Кроме того, проявления культурной самобытности страны были целиком и полностью ассоциированы только с латышской культурой. Таким образом, не было признано, что важнейшими элементами уникальности культурного пространства Латвии являются также местные, зачастую локально сформировавшиеся разновидности культур других народов.
Слепое преклонение и раболепие перед всем идущим с Запада, будь то фаст-фуд или требование фискальной дисциплины, и несоответствующее современным реалиям апеллирование к национальному государству вообще является одним из основных отличий наших латышских националистов от многих европейских «постмодернистских» националистов, представленных, например, движением континентальных, преимущественно французских «новых правых» (не путать с англо-американскими «новыми правыми» эпохи М.Тэтчер и Р.Рейгана) и представителями «третьей позиции» (не путать с социал-неолиберальной концепцией «третьего пути» Э.Гидденса и Т.Блэра).
В действительности латышские националисты, конечно же, не являются никакими приверженцами национальных интересов – в этом смысле у них нет ничего общего ни с венгерским «Йоббиком», ни с финскими «Истинными финнами», которые поистине озабочены ослаблением суверенитета своих стран в рамках Евросоюза, потерей уникальности своей культуры под давлением глобализации и стремительным ухудшением демографической ситуации в контексте доминирования ценностей индивидуализма, гедонизма и потребления.
Наши националисты являются вовсе не националистами, а просто русофобами, или, еще точнее, провинциальной обслугой западных интересов, ведущей русофобскую пропаганду в целях удержания своих компрадорских позиций.
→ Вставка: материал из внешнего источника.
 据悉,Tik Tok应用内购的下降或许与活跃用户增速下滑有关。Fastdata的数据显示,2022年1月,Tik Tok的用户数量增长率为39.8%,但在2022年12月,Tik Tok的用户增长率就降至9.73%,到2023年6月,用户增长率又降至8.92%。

Вместо того чтобы вместе с другими этносами Латвии бросить вызов неолиберальному экспансионизму, в самом деле разрушающему традиционные идентичности, местные «националисты» пытаются противостоять тому, чему уже противостоять невозможно – закату эпохи моноэтнических государств (которые и раньше таковыми являлись только условно).
Концепция «кровь и почва», подчеркивающая тесную взаимосвязь этнического происхождения и жизненного пространства, обозначенного четкими государственными границами и дающим данному этносу не только пропитание, но и защиту от внешних рисков и чувство стабильности, действительно была основополагающей для националистов эпохи модерна.
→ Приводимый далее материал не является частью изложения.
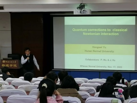 11月17日,应我校物理学院邀请,湖南师范大学余洪伟教授在物理南楼二楼学术报告厅为粒子物理专业的师生呈现了一场精彩的报告,报告题目是“Quantum corrections to classical Newtonian interaction”,相关专业师生参加了报告会。

Однако в обществе постмодерна происходит размежевание между кровью и почвой, ибо этническая родина и национальное государство зачастую уже не в состоянии защитить человека от глобальных вызовов и обеспечить сохранение, воспроизводство и наращивание генофонда этносов, исторически сформировавшихся на данной территории.
Параллельно происходит размежевание также между территорией и идентичностью. Сегодня важными элементами этнической идентичности по-прежнему являются язык, культура в широком понимании (система ценностей, образ мышления, стиль жизни), символические и ритуальные практики, чувство принадлежности к своему этносу, подсознательное ощущение комфорта при общении именно с представителями своей этнической и лингвистической группы, а также разные более специфические, закрепленные традицией факторы. Однако все реже элементом этнической идентичности является конкретная территория.
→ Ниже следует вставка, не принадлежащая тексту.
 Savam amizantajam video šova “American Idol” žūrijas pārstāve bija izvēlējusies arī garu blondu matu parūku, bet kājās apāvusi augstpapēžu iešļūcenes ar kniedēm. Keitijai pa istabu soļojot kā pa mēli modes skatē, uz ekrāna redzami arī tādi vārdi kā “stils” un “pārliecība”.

В рамках мыслительной парадигмы модерна до сих пор пребывают не только латвийские либералы, мечтающие о создании единой политической нации, и националисты, кричащие об угрозах национальному государству, но и также многие левые активисты. Они в Латвии сегодня в основном представлены малочисленными группами единомышленников социал-демократической направленности.
Пытаясь уклониться от решения болезненных этнических и языковых проблем, они упорно не понимают, почему им не удается мобилизовать неимущие слои населения, опираясь на «универсальные» социально-экономические лозунги. Реалиям постмодерна не соответствует и убежденность местных левых в возможности возродить на планете государство благосостояния.
На самом деле это не только невозможно, но и не нужно. В ретроспективе становится очевидным, что государство благосостояния не только способствовало развитию общественно пассивной, аполитичной и потребительской культуры, но и явилось важным источником усиления легитимности капиталистически-бюрократической системы.
Как жить дальше?
Мой опыт по сведению между собой латышских и русских общественных активистов с целью побудить их сформулировать и осуществить общие гражданские инициативы не был удачным. Камнем преткновения, как и следовало ожидать, стали этнические и языковые вопросы, в которых ни одна из сторон не была готова на какие-либо компромиссы.
Схожая бескомпромиссность сегодня наблюдается и среди широких слоев населения. Возникает вопрос: а возможен ли — и, главное, нужен ли вообще компромисс в таких вопросах?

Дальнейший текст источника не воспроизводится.